The answer is to be the lines below that lie between the line holding "Магазин автошин по" and the line holding "BATHROOM attractively refitted", inclusive, transcribed exactly and free of pictures.

[[ Study material, beginning ]]

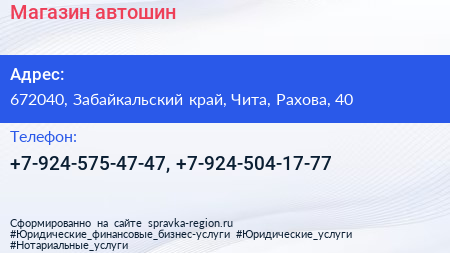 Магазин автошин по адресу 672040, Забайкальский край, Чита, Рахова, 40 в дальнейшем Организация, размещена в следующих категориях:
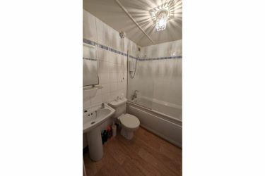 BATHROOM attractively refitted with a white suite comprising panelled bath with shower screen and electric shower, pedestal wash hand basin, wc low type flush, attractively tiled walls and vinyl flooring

[[ Study material, end ]]
[[ Study material, beginning ]]

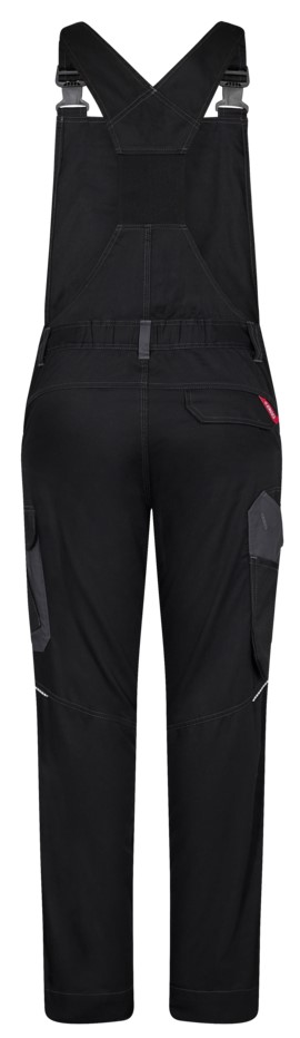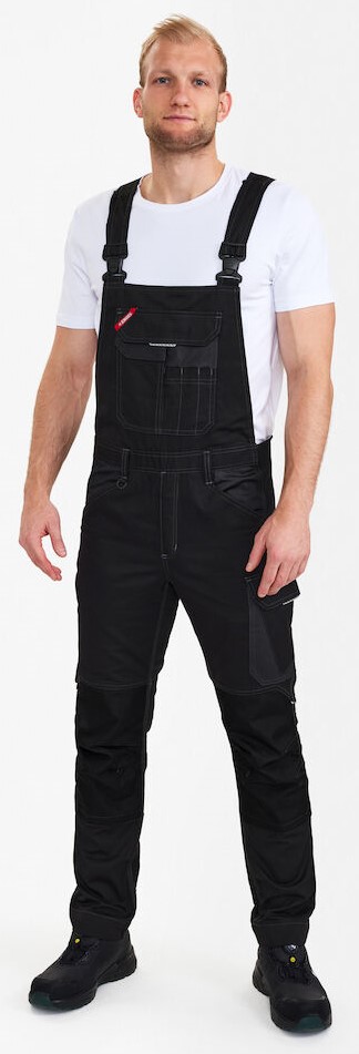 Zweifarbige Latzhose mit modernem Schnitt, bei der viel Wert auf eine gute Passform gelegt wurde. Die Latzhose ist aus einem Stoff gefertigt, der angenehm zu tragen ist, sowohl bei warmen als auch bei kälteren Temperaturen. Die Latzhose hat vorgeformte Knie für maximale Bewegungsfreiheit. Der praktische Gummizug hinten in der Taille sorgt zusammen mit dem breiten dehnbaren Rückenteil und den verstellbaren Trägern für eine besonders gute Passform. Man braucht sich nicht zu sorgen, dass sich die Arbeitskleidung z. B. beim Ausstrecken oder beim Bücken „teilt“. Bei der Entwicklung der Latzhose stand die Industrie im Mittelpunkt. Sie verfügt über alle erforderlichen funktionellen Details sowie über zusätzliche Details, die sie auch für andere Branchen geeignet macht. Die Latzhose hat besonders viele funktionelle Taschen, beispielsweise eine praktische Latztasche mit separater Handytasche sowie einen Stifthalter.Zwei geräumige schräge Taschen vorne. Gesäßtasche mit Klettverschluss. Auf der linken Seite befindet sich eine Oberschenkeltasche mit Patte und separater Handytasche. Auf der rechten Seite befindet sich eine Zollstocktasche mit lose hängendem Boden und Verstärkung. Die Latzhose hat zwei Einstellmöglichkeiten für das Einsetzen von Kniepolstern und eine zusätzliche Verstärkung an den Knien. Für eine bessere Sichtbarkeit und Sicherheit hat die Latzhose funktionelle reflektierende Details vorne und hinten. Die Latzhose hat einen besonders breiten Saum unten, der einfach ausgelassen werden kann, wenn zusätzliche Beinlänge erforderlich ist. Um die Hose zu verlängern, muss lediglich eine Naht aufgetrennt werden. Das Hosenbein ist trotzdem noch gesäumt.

[[ Study material, end ]]

### Reply
 Магазин автошин по адресу 672040, Забайкальский край, Чита, Рахова, 40 в дальнейшем Организация, размещена в следующих категориях:
 BATHROOM attractively refitted with a white suite comprising panelled bath with shower screen and electric shower, pedestal wash hand basin, wc low type flush, attractively tiled walls and vinyl flooring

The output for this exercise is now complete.